Following the widespread adoption of sleep-tracking technology by the general public and the subsequent emergence of reports in the clinical literature,16–18 device performance evaluation studies have proliferated in recent years,5–7 although concerns remain about adoption for diagnosis and treatment.19–21 Those studies have shown that, in general, latest-generation wearable devices produce suitable estimates of sleep measures, although these vary by device and firmware version and their capabilities to classify sleep stages are less sufficient.22,23 Despite growing research to understand overall device performance, investigations about generalizability across diverse populations, including sex, age, skin tone, body mass index (BMI), and arm hair density are still lacking.4
We undertook this study in order to evaluate the analytic performance of sleep tracking by the Verily Numetric Watch (VNW), a wrist-worn device that classifies every 30-second epoch into one of the following 4 sleep stages: wake, light sleep, deep sleep, and rapid eye movement (REM) sleep, allowing for the derivation of a number of clinically meaningful overnight sleep measures including total sleep time (TST); wake after sleep onset (WASO); sleep efficiency (SE); sleep onset latency (SOL); number of awakenings (NAWK); and light, deep, and REM sleep duration.
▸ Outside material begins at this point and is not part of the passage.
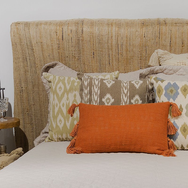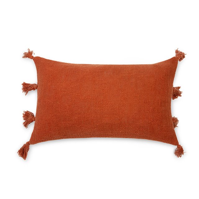Funda de cojín de tejido extra suave 100% algodón. Diseño en liso pero con pompones en todos los lados, lo hacen una prenda cómoda, funcional y muy decorativa. Medida 30x50, color teja.

Our objectives were to evaluate the VNW’s performance for epoch-by-epoch sleep versus wake classification; 4-stage sleep classification (wake, light, deep, REM); and TST, WASO, SE, SOL, NAWK, and sleep stage duration in a diverse sample of sleepers, compared to PSG-derived labels. In addition, the exploratory objectives included performing subgroup analyses based on sex, age, skin tone, BMI, and arm hair density.
Methods
Sample
This study included 41 participants. Eligible participants were between 18-80 years of age and agreed to abstain from caffeine, nicotine, alcohol, and cannabis products for eight hours prior to the overnight lab visit and until the visit was complete. They also had to agree to abstain from medications that may affect sleep/wakefulness for 24 hours prior to the lab visit and during the study, unless the medications were taken on a routine basis and had approval from the study team. In order to be eligible, participants had to be considered “typical sleepers,” based on the following: obstructive sleep apnea 50 (OSA-50)24 scores < 5; insomnia severity index (ISI)25 < 8; Epworth Sleepiness Scale (ESS) scores < 10; no evidence of sleep-disordered breathing at the PSG evaluation; and apnea-hypopnea index (AHI)26 threshold of 5 defining hypopnea as ≥ 30% reduction in airflow for ≥ 10 seconds associated with a ≥ 3% decrease in oxygen saturation or an arousal).27 Individuals were ineligible if they had a major medical or psychiatric condition, if they used supplemental oxygen, or were unwilling to cease use of therapy, such as continuous positive airway pressure or oral appliance for sleep-disordered breathing during the visit.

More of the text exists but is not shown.